According to AgustaWestland CEO Bruno Spagnolini, helicopter demand reminds strong and 2012 should be another solid year. A new growth cycle on the civil side is kicking in and that’s good news for the company’s most popular aircraft – the AW139, the AW169 and the new AW189. With their U.S presence continuing to grow – there have been more than 100 AW139 deliveries from the Philadelphia, Pa. assembly plant, for example – and the addition of a new facility in Arlington, Tex., where some 100-plus employees are working on the development and certification activities related to the AW609 tilt-rotor, AgustaWestland’s footprint should remain large.

The AW189 made its debut at the show, and judging by the buzz it created in on the floor, its future looks bright. Powered by twin General Electric CT7-2E1 engines and equipped with FADEC and built-in particle separators, the 19-passenger aircraft is ideally suited for the growing oil and gas market. Major operators that have purchased the aircraft include Bristow Helicopters, Bel Air and Weststar Aviation Services. Spagnolini said certification of the aircraft is on track for 2013 with deliveries expected to start the next year.

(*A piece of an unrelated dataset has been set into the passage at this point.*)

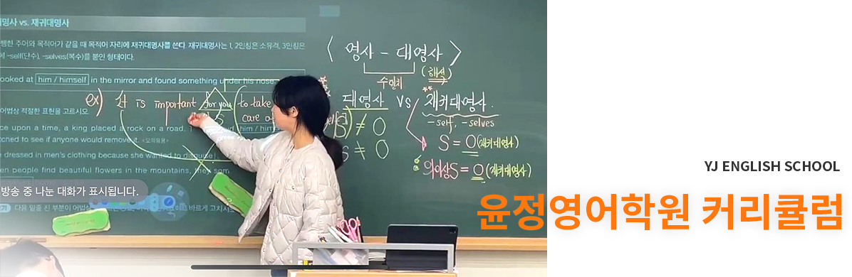 칠판 강의 수업으로 진행되며, 개별적 피드백을 진행하고 매일 단어 재시험 관리 철저하게 이루어 지고 있습니다.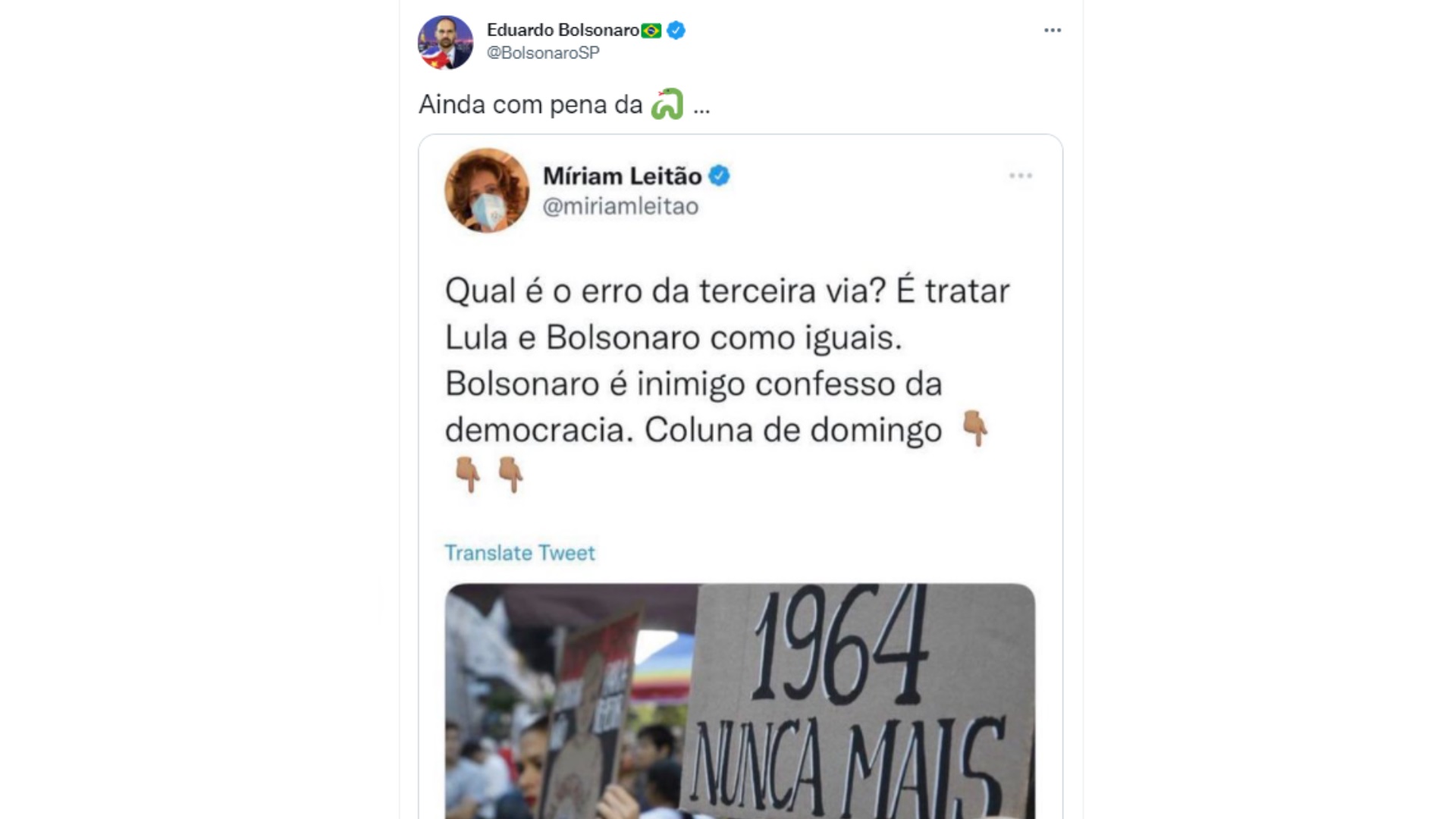 Eduardo se irritou com o texto e a atacou nas redes sociais. “Ainda com pena da cobra”, disse o filho do chefe do Executivo no Twitter. A postagem faz referência à tortura sofrida por Míriam Leitão durante o período militar. Ela foi colocada nua em um quarto escuro ao lado de uma cobra jiboia, no período em que estava grávida de seu filho.

Big news from all the major helicopter manufacturers – what else would you expect from the world’s premier helicopter event deep in the heart of Texas?

CANADIAN CONNECTION

There were plenty of Canadian firms making noise at this year’s show. Here’s a rundown of some top newsmakers:
  • Canadian Helicopters announced a major rebrand at the annual Eurocopter breakfast and took delivery of a new AS350 B3e AStar sporting the new company colours. Canadian had its strongest year ever in 2011 and looks to expand its international footprint in 2012.
  • Alberta’s Eagle Copters announced its Bell 407 HP engine conversion program is proceeding on target and it expects Transport Canada approval next year. Announced in 2010, the 407 HP program allows operators to replace a Bell 407 Rolls-Royce 250-C47, 813-shp engine with a Honeywell dual channel FADEC 970-shp HTS900 engine.
  • Pratt & Whitney Canada showcased its PT6C-67E and PW210 family of engines that power the Eurocopter EC175 medium twin, and Sikorsky 76D and AgustaWestland AW160 medium twins respectively. The new engines offer top power-to-weight ratios and low fuel burn. PC&W also highlighted its customer support programs at the show, introducing an engine exchange program for its PW206B2 model, aimed at operators working in severe environments.
  • Sikorsky Aircraft recognized Vancouver-based Heli-Jet International as operator of the world’s highest-time Sikorsky S-76 airframe. The company’s S-76A has logged 37,025 flight hours. It entered service in July 1980 and has carried more than 500,000 passengers.
  • Sky Trac Systems and Thales have teamed up to help the Canadian Coast Guard. The pair are helping the Coast Guard’s 22 helicopters and 17 helicopter-capable ships with improved tracking capabilities using the next-generation ISAT-200 Sat Com tracking unit.
  • Appareo and CHC are developing an electronic flight bag app for the iPad. The app will help standardize CHC’s flight operations around the world. For more on the electronic flight bag concept, see the July/August/September edition of Helicopters.